Geçmişten ders çıkarmak…
Köyün birine eski zamanda bir çakmak getirmişler, çakmak o kadar kıymetli ki, sağı-solu yakmaması, yanlış işlerde kullanmaması için güvenilir birine teslim etmek gerekiyormuş. Köylüleri toplayıp bu ateş aletini kime verelim diye sormuşlar. Köylüler de muhtarı salık vermiş, ihtiyaç duydukça alır, ateşimizi yakarız, demişler.
Muhtar çakmağı alınca -ateşin sahibi olarak- giderek saygınlığı artmış, etrafında dalkavuklar, yağcılar toplanmaya başlamış. Saygı arttıkça muhtarın kibri de büyümüş.
Etrafından daha çok saygı, daha çok korku beklemeye başlamış. Ateşi kendine verenin köylüler olduğunu unutmuş. Dalkavukların da tahrikleri ile ateşi baskı ve korkutmak için kullanmaya başlamış, kiminin evini, kiminin tarlasını yakmış.
Tarlalar sürülemez, evler yaşanamaz hale gelmiş. Muhtarın baskısından köylüler yavaş yavaş köyden ayrılmaya başlamışlar. Ticaret durmuş, köye gelen çerçilerin ayağı kesilmiş, çevre köyler gelişirken muhtarın köyü giderek gerilemiş.
Muhtarın köylülerinden biri kendileri gerilerken, çevre köylerin niçin geliştiğini merak edip çevre köylerden birine gitmiş.
Oradaki zenginliği, bağı bahçeyi görünce sormuş; “Sizde çakmak yok mu?”
Köylüler; “var” demişler,
“Peki, sizin köy böyle nasıl gelişti, bağınız, bahçeniz yanmadan nasıl böyle kaldı, bizim köyde her şey tarumar oldu?”
Köylüler; “yoksa siz çakmağı bir kişiye mi verdiniz?”
“Evet, muhtara verdik.”
“Eyvah!
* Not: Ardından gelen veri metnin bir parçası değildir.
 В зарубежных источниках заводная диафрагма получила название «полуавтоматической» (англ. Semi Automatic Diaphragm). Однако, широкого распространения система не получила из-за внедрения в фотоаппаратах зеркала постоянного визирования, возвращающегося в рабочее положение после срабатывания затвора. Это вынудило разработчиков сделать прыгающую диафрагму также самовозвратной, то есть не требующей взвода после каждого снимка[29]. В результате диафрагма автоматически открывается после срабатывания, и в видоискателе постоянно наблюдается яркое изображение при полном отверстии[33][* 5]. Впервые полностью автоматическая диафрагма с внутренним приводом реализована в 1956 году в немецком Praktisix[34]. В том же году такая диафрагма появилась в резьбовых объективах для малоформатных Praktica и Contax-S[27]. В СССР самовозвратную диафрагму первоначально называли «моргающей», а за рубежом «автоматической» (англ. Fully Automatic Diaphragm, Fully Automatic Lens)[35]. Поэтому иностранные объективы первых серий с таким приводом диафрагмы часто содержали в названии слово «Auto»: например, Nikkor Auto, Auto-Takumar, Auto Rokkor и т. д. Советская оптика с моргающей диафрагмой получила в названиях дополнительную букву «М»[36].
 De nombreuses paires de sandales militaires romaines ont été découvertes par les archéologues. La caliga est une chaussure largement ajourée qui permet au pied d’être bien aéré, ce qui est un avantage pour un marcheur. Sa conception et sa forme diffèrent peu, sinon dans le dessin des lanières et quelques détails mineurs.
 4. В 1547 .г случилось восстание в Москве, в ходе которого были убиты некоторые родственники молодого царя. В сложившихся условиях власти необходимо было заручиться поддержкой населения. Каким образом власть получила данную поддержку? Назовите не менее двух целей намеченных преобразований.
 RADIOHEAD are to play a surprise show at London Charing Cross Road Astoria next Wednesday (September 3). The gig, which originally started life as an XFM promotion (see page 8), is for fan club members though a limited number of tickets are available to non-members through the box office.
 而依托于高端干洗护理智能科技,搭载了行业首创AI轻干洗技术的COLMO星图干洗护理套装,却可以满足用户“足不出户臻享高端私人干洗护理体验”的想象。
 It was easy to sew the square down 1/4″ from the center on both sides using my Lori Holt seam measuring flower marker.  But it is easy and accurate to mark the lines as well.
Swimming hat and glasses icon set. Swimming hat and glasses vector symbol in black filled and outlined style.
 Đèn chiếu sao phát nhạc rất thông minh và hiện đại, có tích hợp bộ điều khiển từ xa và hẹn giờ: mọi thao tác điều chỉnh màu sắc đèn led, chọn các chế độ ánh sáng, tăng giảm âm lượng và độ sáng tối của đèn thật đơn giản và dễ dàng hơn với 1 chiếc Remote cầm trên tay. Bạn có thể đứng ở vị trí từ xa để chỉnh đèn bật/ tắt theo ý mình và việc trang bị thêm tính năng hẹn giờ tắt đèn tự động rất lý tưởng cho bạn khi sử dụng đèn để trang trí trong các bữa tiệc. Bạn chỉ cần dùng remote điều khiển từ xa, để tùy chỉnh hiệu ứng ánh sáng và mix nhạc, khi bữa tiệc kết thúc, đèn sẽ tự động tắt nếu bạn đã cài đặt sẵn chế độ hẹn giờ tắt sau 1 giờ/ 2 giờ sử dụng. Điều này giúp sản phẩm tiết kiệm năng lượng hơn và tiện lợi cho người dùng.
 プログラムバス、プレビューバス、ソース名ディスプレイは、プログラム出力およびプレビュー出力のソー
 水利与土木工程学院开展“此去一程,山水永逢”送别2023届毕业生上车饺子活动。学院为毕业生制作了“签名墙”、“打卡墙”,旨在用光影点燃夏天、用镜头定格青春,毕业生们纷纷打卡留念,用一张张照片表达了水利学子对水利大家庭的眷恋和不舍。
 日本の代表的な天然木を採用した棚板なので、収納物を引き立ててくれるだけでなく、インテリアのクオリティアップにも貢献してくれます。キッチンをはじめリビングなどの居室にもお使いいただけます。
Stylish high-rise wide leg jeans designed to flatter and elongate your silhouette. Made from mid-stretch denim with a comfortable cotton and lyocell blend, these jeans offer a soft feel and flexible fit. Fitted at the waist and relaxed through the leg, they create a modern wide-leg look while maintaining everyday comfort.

Büyük yanlış yapmışsınız, hiç çakmak bir kişiye verilir mi?”
“Siz öyle yapmadınız mı?”
“Hayır, biz öyle yapmadık, biz çakmağı bir kişiye verdik, çakmak taşını başka bir kişiye, benzinini başkasına verdik.
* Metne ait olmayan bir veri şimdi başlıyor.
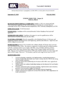 Equal Employment – The Illinois Education Association-NEA does not discriminate in hiring or employment on the basis of race, color, religion, national origin, sex, pregnancy, age, ancestry, disability, marital status, sexual orientation, veteran status, or other status protected by applicable federal, state or local law.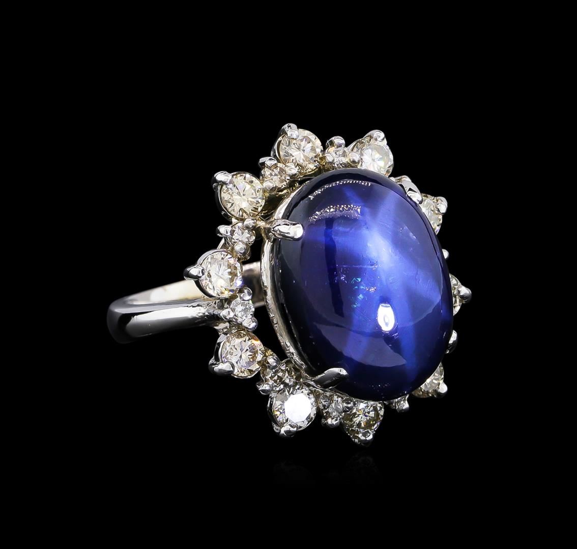 One electronically tested 14KT white gold Ladies combination cast & assembled ring with a bright polish finish. Condition is new. Identified with markings of "K14". Containing: One prong set oval cabochon cut natural star sapphire, measuring 16.20 x 12.00 x 7.02mm, approximate weight of 14.74ct., clarity is heavily included, medium dark, moderately strong, blue color, (GIA B 6/4), cut is good. This stone has a partly complete four ray star with weak intensity and fair movement. Colored gemstones are presumed to have been subjected to commonly used color/clarity enhancement processes. Ten prong set round brilliant cut diamonds, measuring 3.20 - 3.20 x 1.92mm (depth est.) approximate total weight of 10 Stones = 1.20ct. Clarity of I-1, Color of K - L, Cut is Good. Ten prong set round brilliant cut diamonds, measuring 1.60 - 1.60 x 0.96mm (depth est.) approximate total weight of 10 Stones = 0.15ct. Clarity of I-1, Color of K - L, Cut is Good. Total Weight of Colored Stones 14.74ct. Total Weight of Diamonds 1.35ct. Total Weight of Ring 9.60 grams. GGL Appraised at $6,895.00.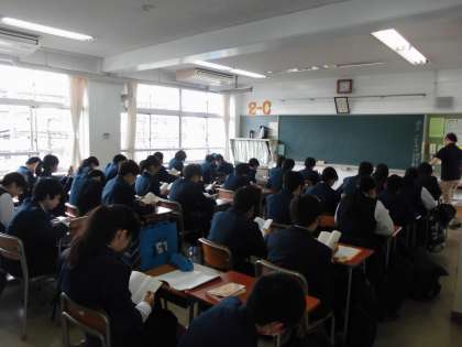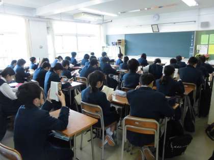 4月18日(火)、朝読書の一コマです。学校生活は「朝読書」から始まります。2年生はさすがに先輩になりました。落ち着いた朝を迎えて、1日が始まっています。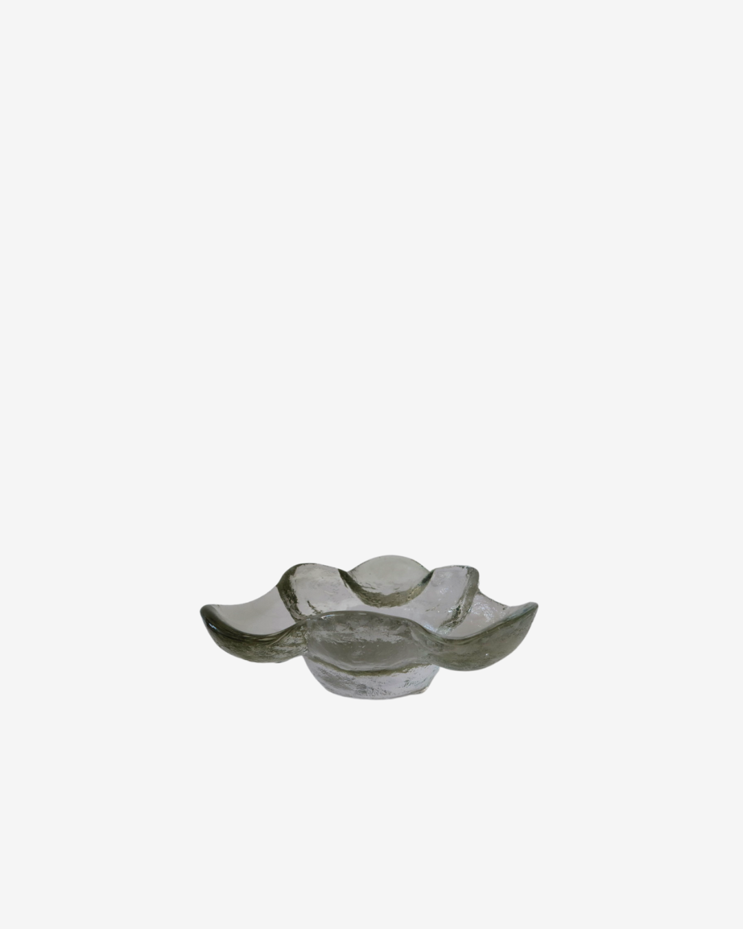 Enjoy the timeless allure of this exquisite clear glass Mid-century modern masterpiece by Pertti Santalahti, hailing from the artistic realm of Finland. Crafted with precision and finesse, this versatile piece seamlessly transitions between a captivating bowl and an enchanting candle holder, embodying the epitome of functional elegance.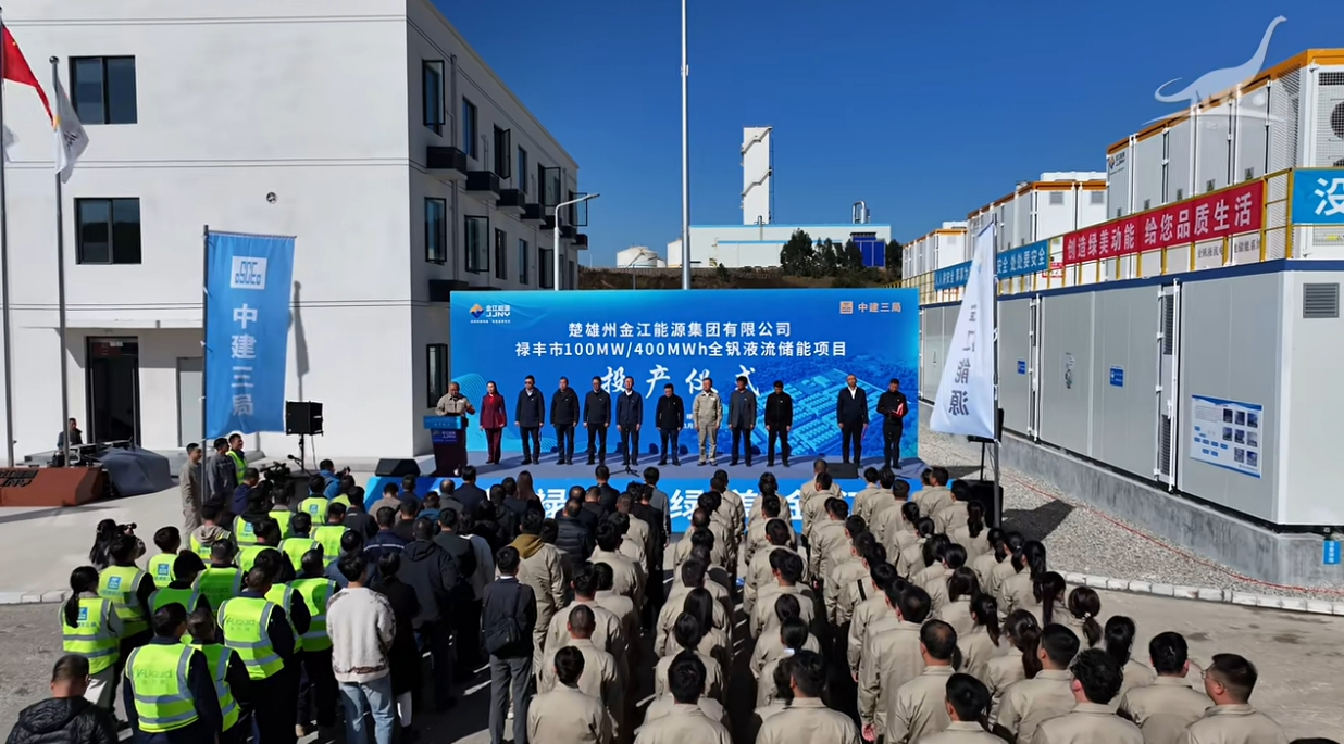 11月28日,禄丰市100MW/400MWh全钒液流储能项目正式投产,该项目是云南省首个落户电网侧的全钒液流电池共享储能电站,由楚雄州金江能源集团有限公司投资,采用全球领先、拥有完全自主知识产权的全钒液流电池储能系统,从进场施工到投产仅用了232天,创造了新的“禄丰速度”,为全省储能多元化发展树立了示范标杆。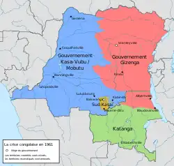 Lumumba, s'enfuyant vers Stanleyville est arrêté début décembre par Mobutu et livré à Moïse Tshombe qui le fait assassiner le [3]. Un gouvernement rival pro-Lumumba se forme entre-temps dans l'Est du pays, dirigé par Pierre Mulele et Antoine Gizenga et soutenu par l'URSS. Avec l'aide des forces de l'ONU et d'anciens officiers blancs, Mobutu parvient à reconquérir l'ensemble du territoire au cours des années suivantes. Mulele est tué et Gizanga emprisonné tandis que Moïse Tshombe est exilé. De nouvelles élections n'auront finalement lieu dans le pays qu'en 1965 après la mise en place de la constitution de la première république, dite Constitution de Luluabourg, adoptée par référendum le .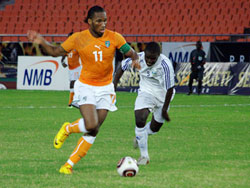Tuấn mã Burkina Faso hầu như không có cơ hội khi đối mặt với Voi rừng Bờ Biển Ngà trong trận đấu mở màn bảng B giải CAN 2010.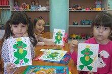 Катнаш төркем балалары белән кисеп-ябыштыру шөгылендә.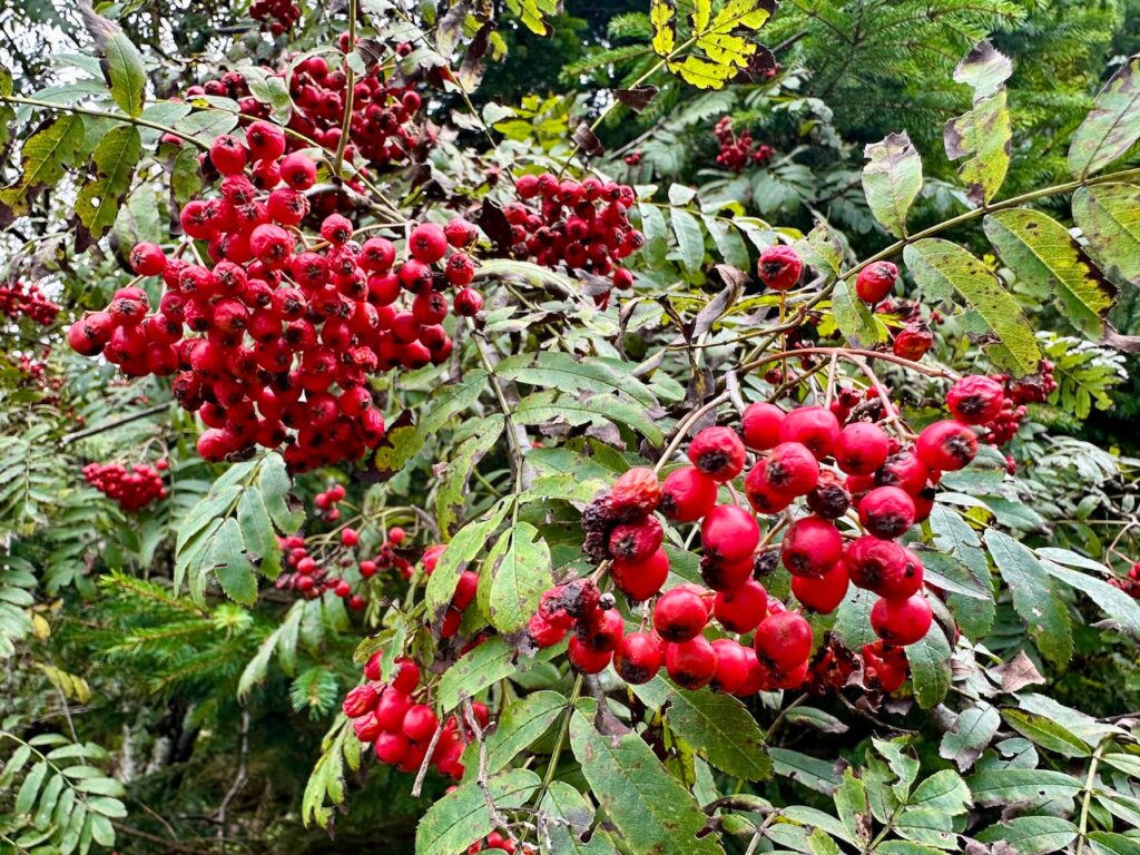 Heute ist die Energie im Wald ganz anders: Die Vögel singen viel, viel weniger. Auch sie haben ein anstrengendes Jahr mit Partnersuche, Nestbau, Aufzucht der Jungen und Mauser hinter sich. Einige von ihnen sind schon auf dem Weg in den wärmeren Süden, andere starten jetzt und in den nächsten Tagen. Auch bei den Bäumen ist Rückzug erkennbar. Eichen und Buchen werfen gerade zahlreich ihre Früchte ab, so dass man an stürmischen Tagen fast mit Helm in den Wald muss. 😉 Manche Blätter werden schon trocken und braun. Der Holunder und die Eberesche präsentieren noch ihre Beeren, bevor sie sich dann auch bald zurückziehen werden.

Ateş yakmak için üçünün bir araya gelmesi gerekiyor. Biri yanlış bir şey yapmaya kalksa, ötekiler izin vermiyor.”
“Desenize biz hepsini bir kişiye vermekle kendi kendimizi yakmışız...!"
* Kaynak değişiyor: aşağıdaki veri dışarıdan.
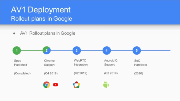AV1在Google的推进计划,需要关注的是浏览器支持、WebRTC支持、Android支持、硬件实现的时间点。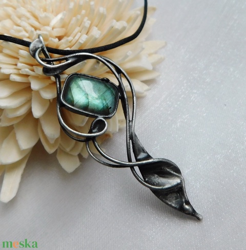 A medál Tiffany technikával készült labradorit, réz és ólommentes, ezüsttartalmú ón felhasználásával. A díszítés szintén saját készítésű, nem tartalmaz gyári elemeket. A fémrészt óezüstre patináztam és lelakkoztam, hogy sokáig szép maradjon.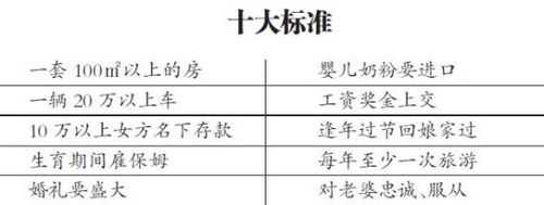 在日本,从前就有一些人说要「三高男」:年薪高、历高和身高要高。但后来因为日本经济低迷,又说女人在追求三低男:低姿态、低风险、低。总之,不要有什么梦想,凡凡过完一生,也是好事。未来丈母娘择婿八个条件?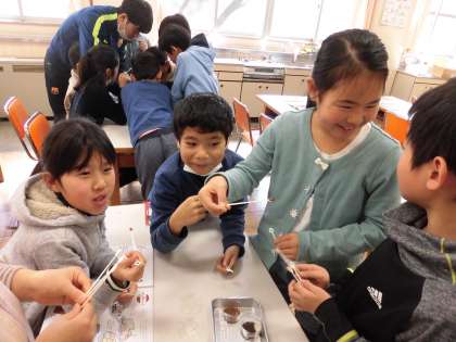 しょうゆを焦がした香りをかがせてもらったり、しょうゆについて知らないことをたくさん教えていただき、子供たちはとても驚いていました。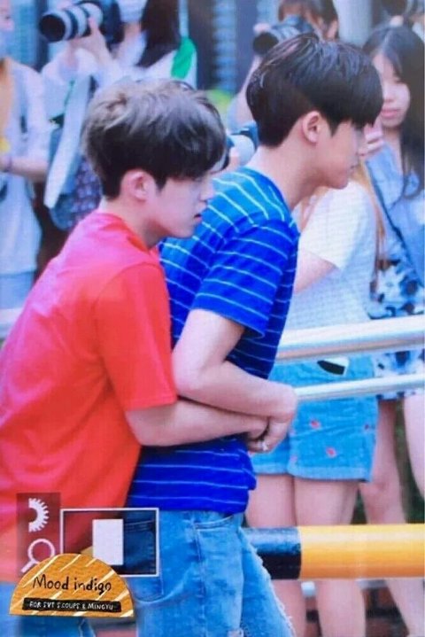 Just imagine how scared was him because of those camerasㅋㅋㅋ Mingyu kept holding on Seungcheol's hands tightly and Seungcheol kept on burying his face on Mingyu's back.. Judging by his expressions, it seems like he was really afraid of those cameras.. I can't find any pictures of them smiling in today's previews.. Because they were keeping their poker-face on, the fansite masters said something like "Your Oppa charisma is exploding~~", something like thatㅋㅋ And because Seungcheol kept hiding behind Mingyu's back, they found it cute and said "Where did Seungcheol go?~~"ㅋㅋㅋ F*ck.. I'm getting goosebumps..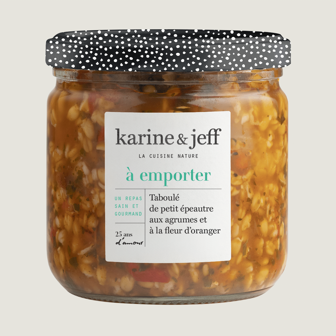 At Karine & Jeff, the quality of our ingredients is paramount. Our Small Spelt Tabbouleh with Citrus and Orange Blossom is crafted from organic components like French tomatoes, red peppers, onions, small spelt, orange peel, sultanas, and more. Each bite celebrates authenticity and pure flavor.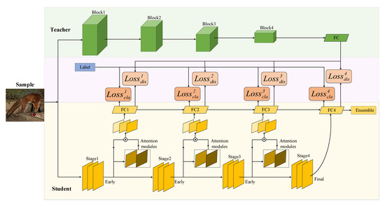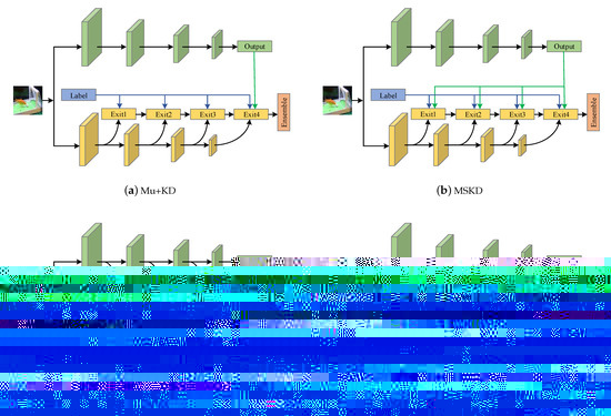 where denotes the output of the probability distribution of the k-th exit of the teacher network after softening. As can be seen with the above description, the main difference between Equation (5) and Equation (8) is the source of guidance of the teacher network, one is the final output of the teacher network with the specific formula in Equation (5) and the other corresponds to the output of the teacher branch network with the specific formula in Equation (8). Therefore, the overall loss of the student network can be expressed as: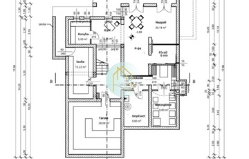 konyha-étkező-nappali, fürdő-Wc, tároló,

Bu memleketi yönetenlere yıllardır oy veririz…
Genelde, iktidar olan partilere, yerelde belediye başkanlarına memleketi güzel yönetecekler…
İnsanca yaşanabilir bir hizmetleri gerçekleştirecekler…
Yalanın, talanın, soygunun, insan kayırmanın olmadığı bir yaşam sunacaklar diye…
Hepimiz tercih ettiğimiz parti veya onun adayına oy veririz…
Seçilip koltuğa oturdular mı?
Milletin anasından emdiği sütü burnundan getiriyorlar…
Bir avuç yandaşı ve methiye düzenleri mutlu oluyor sadece…
Ben de yanlış insanlara oy vererek kendi kendime yakmışım!
Bundan sonra çakmağı bir kişiye, taşını başka bir kişiye, benzinini de başka bir kişiye vereceğim…
Toplumsal gelişmenin de çürümenin de temelinde yöneticilerin tavrı yatar.